Records to use →

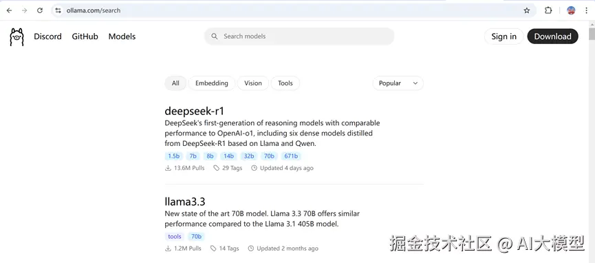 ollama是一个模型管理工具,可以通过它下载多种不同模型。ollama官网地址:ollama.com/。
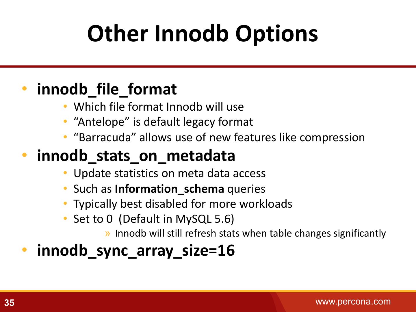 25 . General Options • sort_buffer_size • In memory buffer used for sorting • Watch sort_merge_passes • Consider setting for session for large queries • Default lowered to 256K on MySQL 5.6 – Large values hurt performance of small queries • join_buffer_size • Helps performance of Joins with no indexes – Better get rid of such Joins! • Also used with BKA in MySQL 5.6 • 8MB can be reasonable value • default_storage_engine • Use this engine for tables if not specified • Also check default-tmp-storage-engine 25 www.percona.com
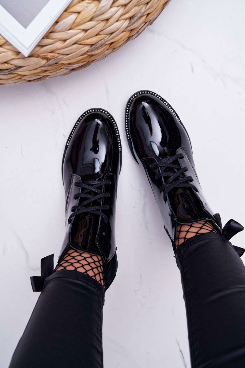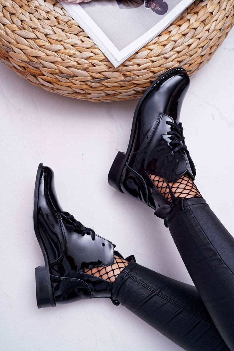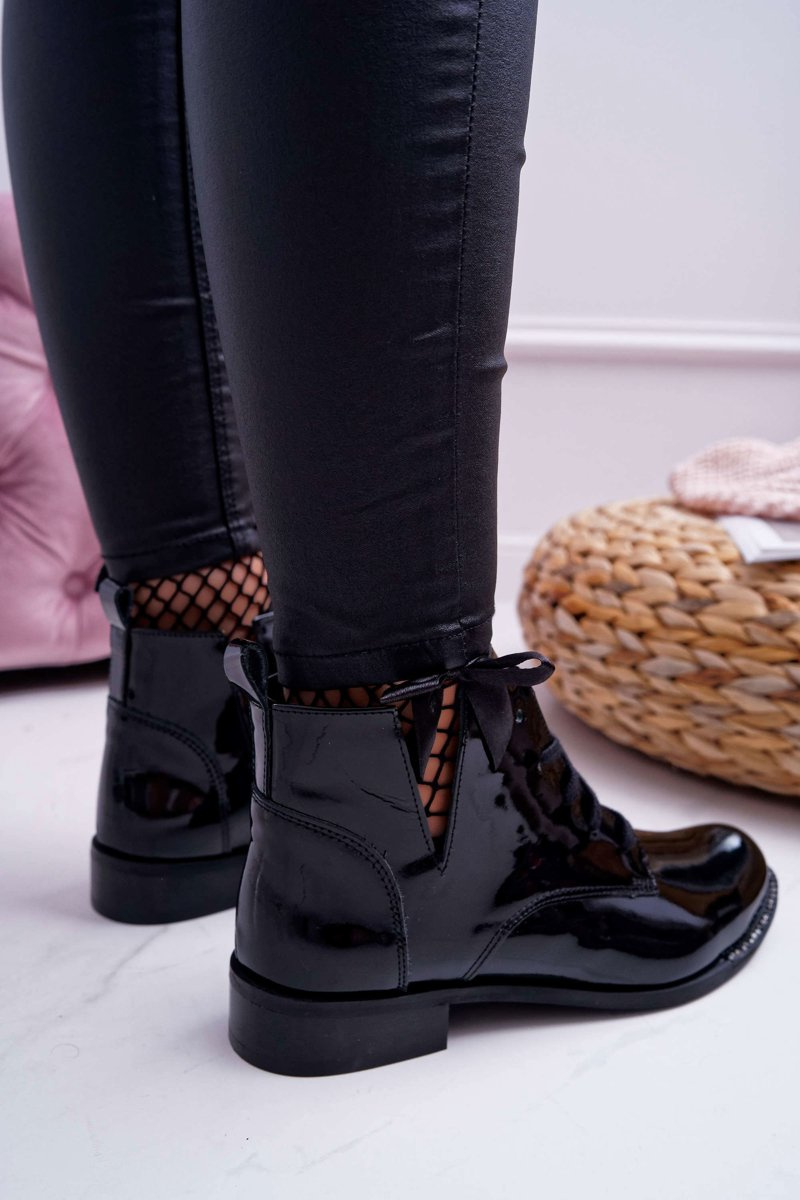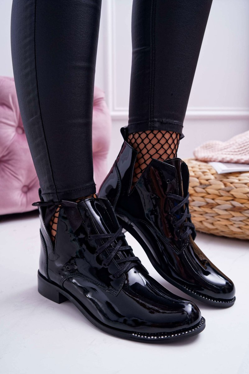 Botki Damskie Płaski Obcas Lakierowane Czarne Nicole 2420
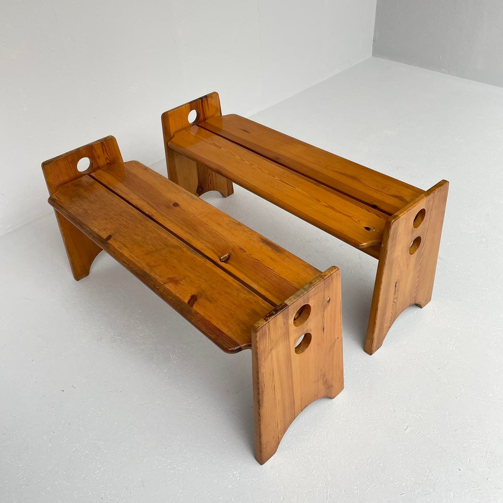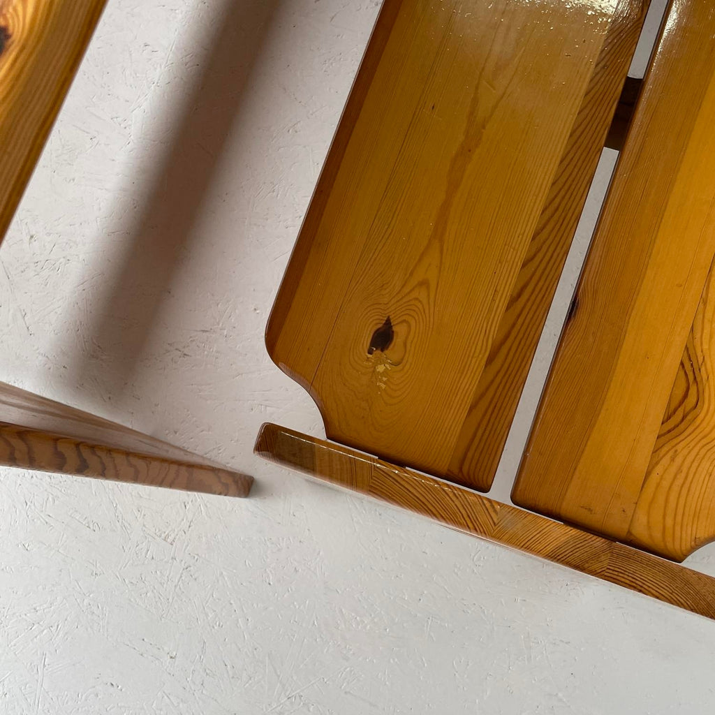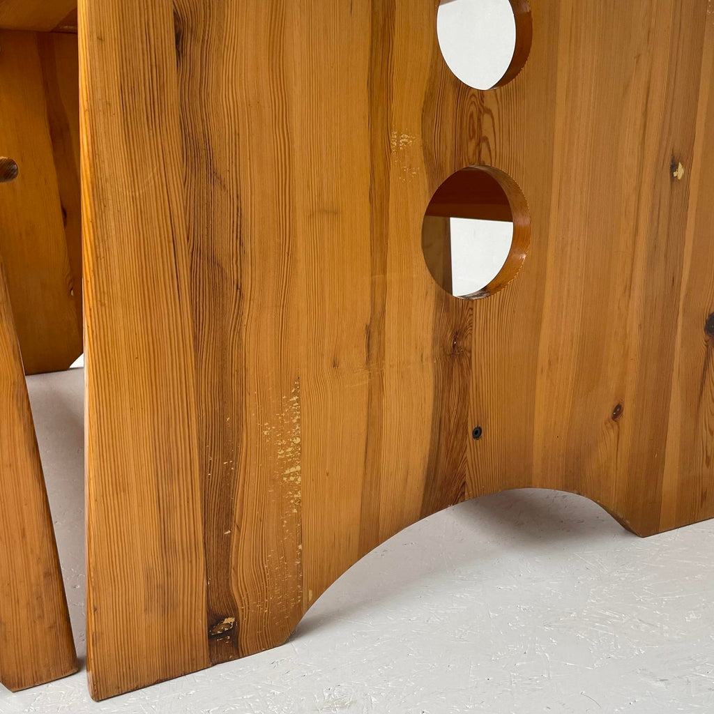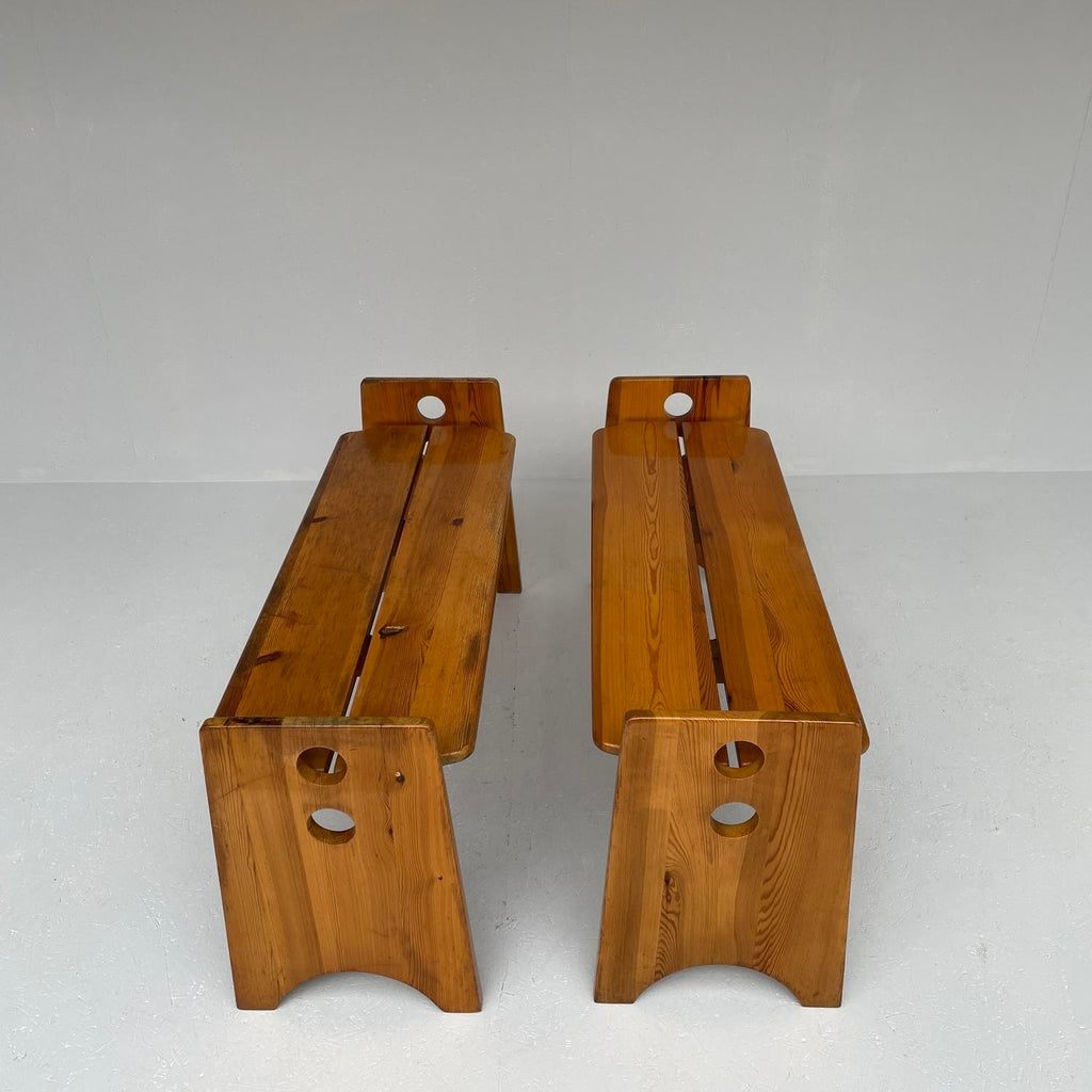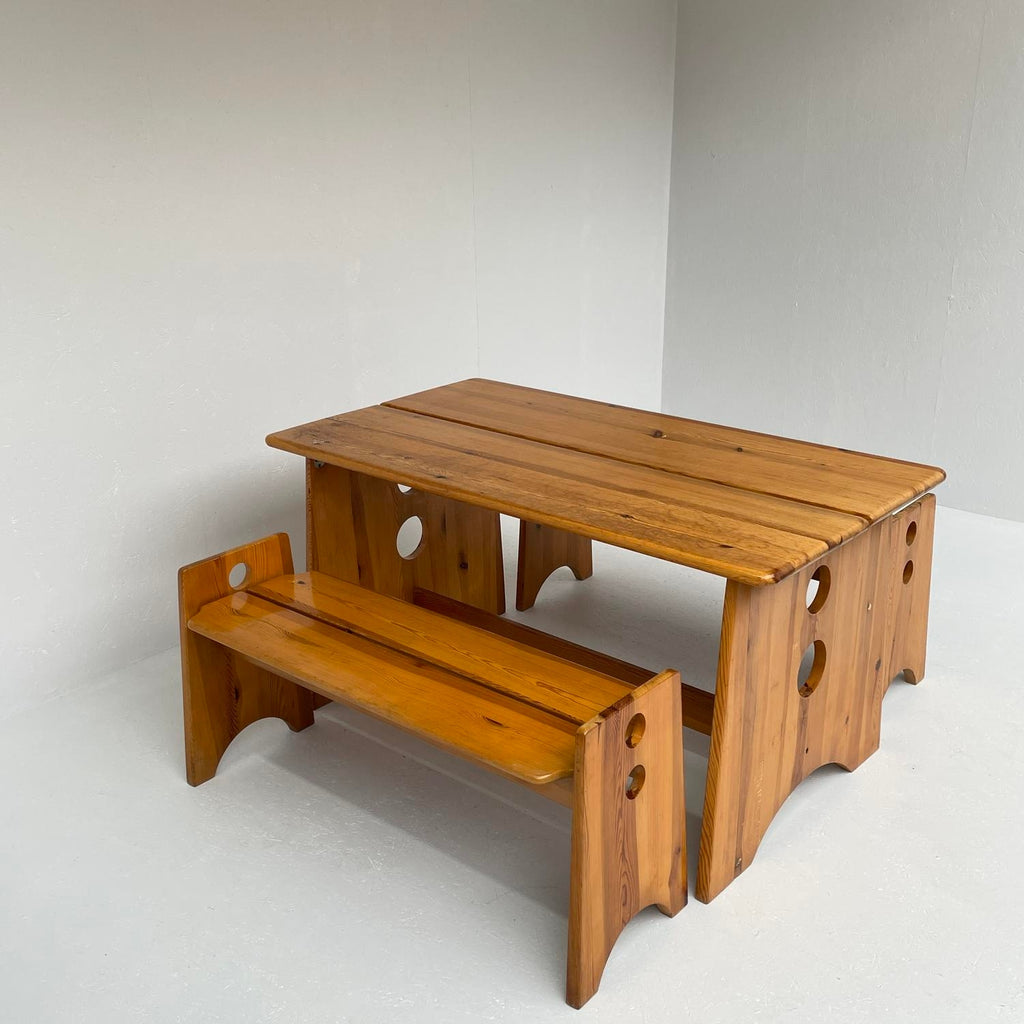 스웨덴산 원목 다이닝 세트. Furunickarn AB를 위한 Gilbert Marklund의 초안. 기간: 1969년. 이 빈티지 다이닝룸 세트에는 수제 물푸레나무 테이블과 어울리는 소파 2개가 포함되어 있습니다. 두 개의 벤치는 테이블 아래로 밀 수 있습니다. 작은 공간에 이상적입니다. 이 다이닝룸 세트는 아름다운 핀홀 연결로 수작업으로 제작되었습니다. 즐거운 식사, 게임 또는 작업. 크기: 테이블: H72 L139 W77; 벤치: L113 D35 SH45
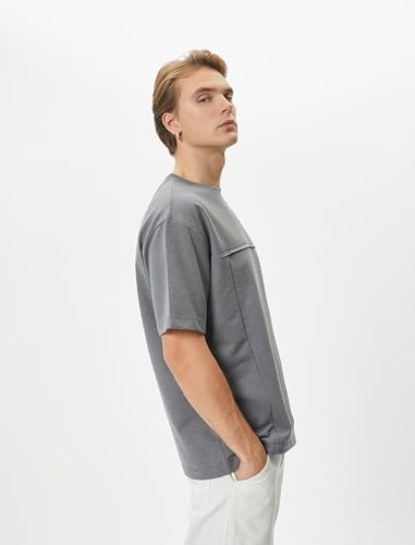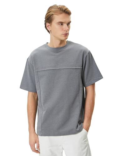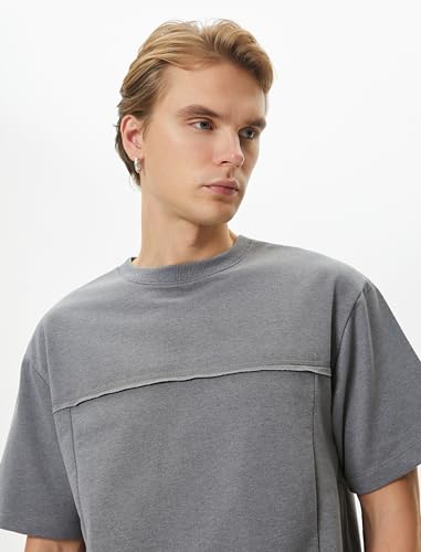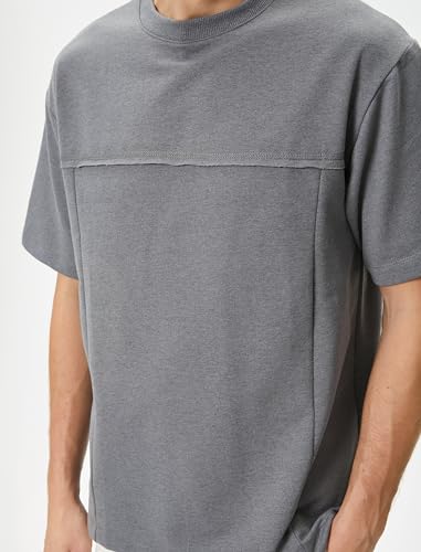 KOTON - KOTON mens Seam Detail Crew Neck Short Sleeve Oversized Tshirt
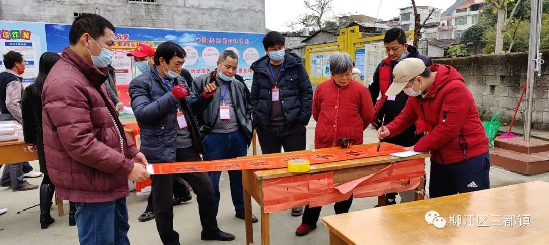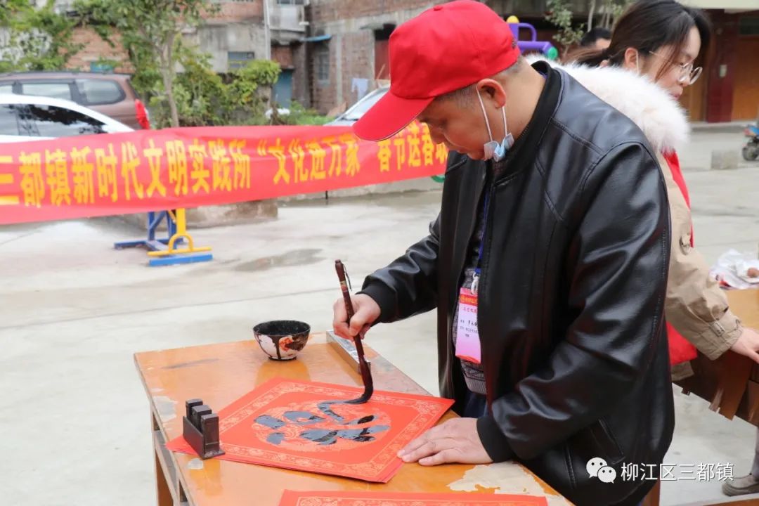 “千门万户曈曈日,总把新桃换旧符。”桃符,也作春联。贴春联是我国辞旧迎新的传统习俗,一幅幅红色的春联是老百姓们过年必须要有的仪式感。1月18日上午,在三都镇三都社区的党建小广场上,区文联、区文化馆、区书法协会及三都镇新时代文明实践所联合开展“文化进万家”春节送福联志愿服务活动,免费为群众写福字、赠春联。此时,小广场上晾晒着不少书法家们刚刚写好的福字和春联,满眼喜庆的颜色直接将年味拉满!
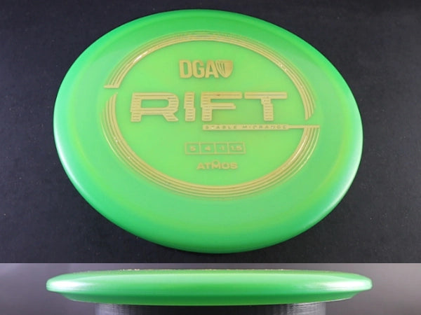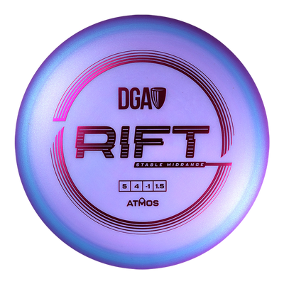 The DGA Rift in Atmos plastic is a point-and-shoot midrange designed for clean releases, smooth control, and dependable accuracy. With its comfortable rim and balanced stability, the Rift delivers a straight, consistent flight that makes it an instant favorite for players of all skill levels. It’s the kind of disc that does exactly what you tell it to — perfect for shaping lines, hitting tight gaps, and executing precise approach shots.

Task directions → What is needed is a verbatim transcription of the records, minus the pictures.

Answer space →
 ollama是一个模型管理工具,可以通过它下载多种不同模型。ollama官网地址:ollama.com/。
 25 . General Options • sort_buffer_size • In memory buffer used for sorting • Watch sort_merge_passes • Consider setting for session for large queries • Default lowered to 256K on MySQL 5.6 – Large values hurt performance of small queries • join_buffer_size • Helps performance of Joins with no indexes – Better get rid of such Joins! • Also used with BKA in MySQL 5.6 • 8MB can be reasonable value • default_storage_engine • Use this engine for tables if not specified • Also check default-tmp-storage-engine 25 www.percona.com
 Botki Damskie Płaski Obcas Lakierowane Czarne Nicole 2420
 스웨덴산 원목 다이닝 세트. Furunickarn AB를 위한 Gilbert Marklund의 초안. 기간: 1969년. 이 빈티지 다이닝룸 세트에는 수제 물푸레나무 테이블과 어울리는 소파 2개가 포함되어 있습니다. 두 개의 벤치는 테이블 아래로 밀 수 있습니다. 작은 공간에 이상적입니다. 이 다이닝룸 세트는 아름다운 핀홀 연결로 수작업으로 제작되었습니다. 즐거운 식사, 게임 또는 작업. 크기: 테이블: H72 L139 W77; 벤치: L113 D35 SH45
 KOTON - KOTON mens Seam Detail Crew Neck Short Sleeve Oversized Tshirt
 “千门万户曈曈日,总把新桃换旧符。”桃符,也作春联。贴春联是我国辞旧迎新的传统习俗,一幅幅红色的春联是老百姓们过年必须要有的仪式感。1月18日上午,在三都镇三都社区的党建小广场上,区文联、区文化馆、区书法协会及三都镇新时代文明实践所联合开展“文化进万家”春节送福联志愿服务活动,免费为群众写福字、赠春联。此时,小广场上晾晒着不少书法家们刚刚写好的福字和春联,满眼喜庆的颜色直接将年味拉满!
 The DGA Rift in Atmos plastic is a point-and-shoot midrange designed for clean releases, smooth control, and dependable accuracy. With its comfortable rim and balanced stability, the Rift delivers a straight, consistent flight that makes it an instant favorite for players of all skill levels. It’s the kind of disc that does exactly what you tell it to — perfect for shaping lines, hitting tight gaps, and executing precise approach shots.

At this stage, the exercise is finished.